Oppositional
Oppositional

Reputation: 11211

How do you retrieve the X.509 certificate that was used to construct a X509AsymmetricSecurityKey?

You can construct a X509AsymmetricSecurityKey from a X509Certificate2 instance using the X509AsymmetricSecurityKey(X509Certificate2) constructor; but can get the X509Certificate2 instance from the security key?

As a parallel example, the InMemorySymmetricSecurityKey class exposes a GetSymmetricKey() method that can be used to retrieve the symmetric key.

I had hoped to see an equivalent method like GetCertificate() exposed by the X509AsymmetricSecurityKey class, but the closest method I see is GetAsymmetricAlgorithm(string algorithm, bool privateKey).

What I am really after is the ability to verify the digital signature of a message that was signed using the private key of the certificate, which means the signature is verified using the public key of the certificate.

Is there a way to verify the signature using the asymmetric algorithm of the security key?

Upvotes: 2

Views: 2163

Answers (3)

Visar
Visar

Reputation: 138

When you construct X509AsymmetricSecurityKey out of an X509Certificate2, the certificate instance reference is actually placed inside a private property named certificate on the key instance.

Your own answer satisfies your specific use case but not your question, the real answer to your question is:

there is no direct way, but you can do it by using reflection.

X509AsymmetricSecurityKey x509Key = ...

X509Certificate2 cert = typeof(X509AsymmetricSecurityKey).GetField("certificate", BindingFlags.NonPublic | BindingFlags.Instance).GetValue(x509Key) as X509Certificate2;

Upvotes: 3

Oppositional
Oppositional

Reputation: 11211

While owlstead was correct that you cannot retrieve the X.509 certificate from the security key; what I should have indicated was that I was attempting to verify a digital signature of a JSON web token where the security key contained the public portion of the public-private key pair.

You can in fact use the security key to verify the signature. The following is an example of how to generally go about it:

var data        = {Get data that was signed as an array of bytes}
var signature   = {Get signature as an array of bytes}

// key variable is of type X509AsymmetricSecurityKey

using(var rsa = key.GetAsymmetricAlgorithm(SecurityAlgorithms.RsaSha256Signature, false) as RSACryptoServiceProvider)
{
    if(rsa != null)
    {
        using(var halg = new SHA256CryptoServiceProvider())
        {
            if (!rsa.VerifyData(data, halg, signature))
            {
                throw new SecurityException("Signature is invalid.");
            }
        }
    }
}

Upvotes: 1

Maarten Bodewes
Maarten Bodewes

Reputation: 94058

X509AsymmetricSecurityKey is a component of X509Certificate2. You are asking if you can retrieve a car given a tire. X509 certificates contain a whole lot of additional information in addition to the public key stored within (issuer, serial number, key usage, effective date etc. etc.).

On the other hand, InMemorySymmetricSecurityKey does contain all the information of the symmetric key, so it is possible to retrieve the full key data using GetSymmetricKey(). Note that GetSymmetricKey() only returns a byte array, not a semantic object instance.
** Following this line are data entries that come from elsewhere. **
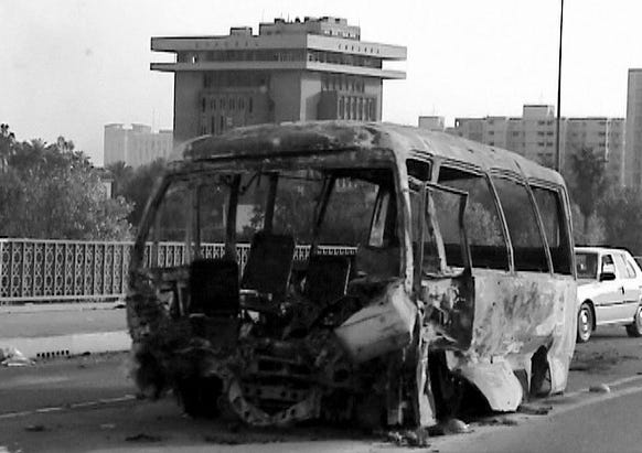 As I was driven around Baghdad, some of the consequences of the hoax were visible on the streets. Mangled, incinerated cars and trucks. Burned-out tanks abandoned in ditches by the road. Government buildings disfigured and gutted by bombs and fire. A ten-storey ministry with several of its upper floors blown apart by a missile. The state radio and TV centre destroyed - leaving only its concrete floors and its steel frame, all blackened by smoke. But alongside it, the 200-metre-high Baghdad Tower (a communications tower with a revolving restaurant and observation deck) was untouched apart from a few smashed windows. It became a vantage point for snipers shooting at Americans.
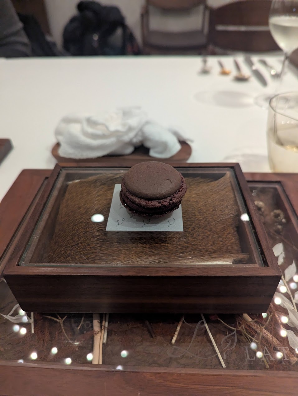 We had the privilege of enjoying a private room at Lature, creating an intimate setting for our group, which included myself, Abdul, Eniola, Kevin (who finally joined us!), and Alex. The atmosphere was elegant and sophisticated, setting the stage for a truly memorable meal. The menu was full of surprises, showcasing the chef’s creativity and skill in preparing game meat. Among the many exquisite dishes, one stood out as particularly unique and memorable: the deer blood macaron. It was a bold and unexpected flavor combination, and while it might sound unusual, it was surprisingly delicious and a true highlight of the meal. The entire dining experience at Lature was exceptional, a perfect blend of culinary artistry and unique concept. It was a fitting end to a day that had taken us from the world of tech and rhythm games to the heights of Michelin-starred gastronomy.
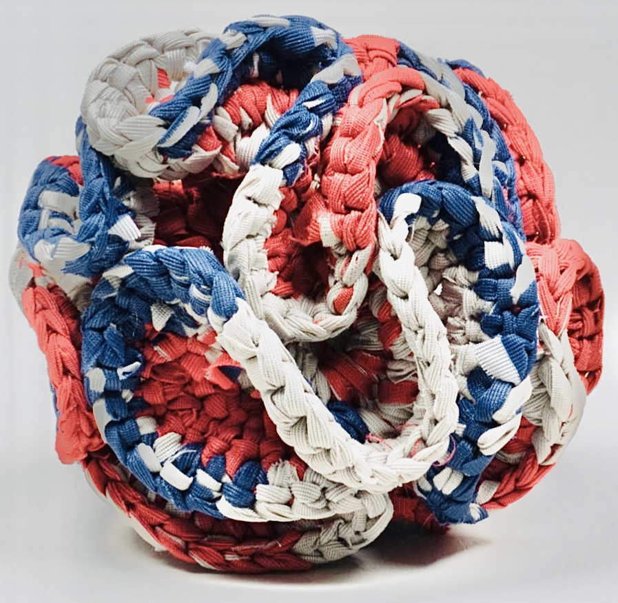 Distinctions between planar and volumetric process may be demonstrated in a single work. Planar macrame serves as backdrop from Pennsylvanian Ed Bing Lee while the foreground is a three-dimensional object knotted in the round. Macrame relief juxtaposed to macrame volumetric. Other genres can be extended. Stitchbeading, usually planar in mesh forms, is able to exploit isometric pull in freeform without need of armature. This is demonstrated in geometric forms by Dustin Wedekind of California. The looping of crochet built spirally in my own work represents an analog predecessor to 3D printing, often in closed forms using elliptical geometry. Hyperbolic geometry undergirded the design of Illinois sculptor Jerry Bleem’s flag crochet. In addition to macrame, stitchbeading, and crochet, the over-under process of weaving is applied in indigenous traditions of volumetric works like the plaiting basketry of Joe Feddersen, Okanagan tribe Washington, and Solomon Battise, Couchatta tribe Louisiana. These artists paired volumetric simplicity with surface design. Geo Neptune, Passamaquoddy tribe Maine and Alberto Cruz, Tequisquiapan, Querétaro extend into unique formal concepts.

The only thing special about the Microsoft X509Certificate2 is that it is linked with the private key, which is not part of the X509 data format. The private key and the public key in the certificate are part of the same key pair. That's why the private key can be thought of as part of the X509 certificate. They are also often stored together, e.g. in the PKCS#12 data format. Personally I think it only confuses matters.

If you want to link certificates with private keys then you can use the modulus of the key pair. It's identical for the private key and the public key. In some cryptographic standards they use a hash over the modulus to do this. So you can create a map from the hash over the modulus to a certificate. If you got a private key, retrieve the modulus, calculate the hash, and find the certificate.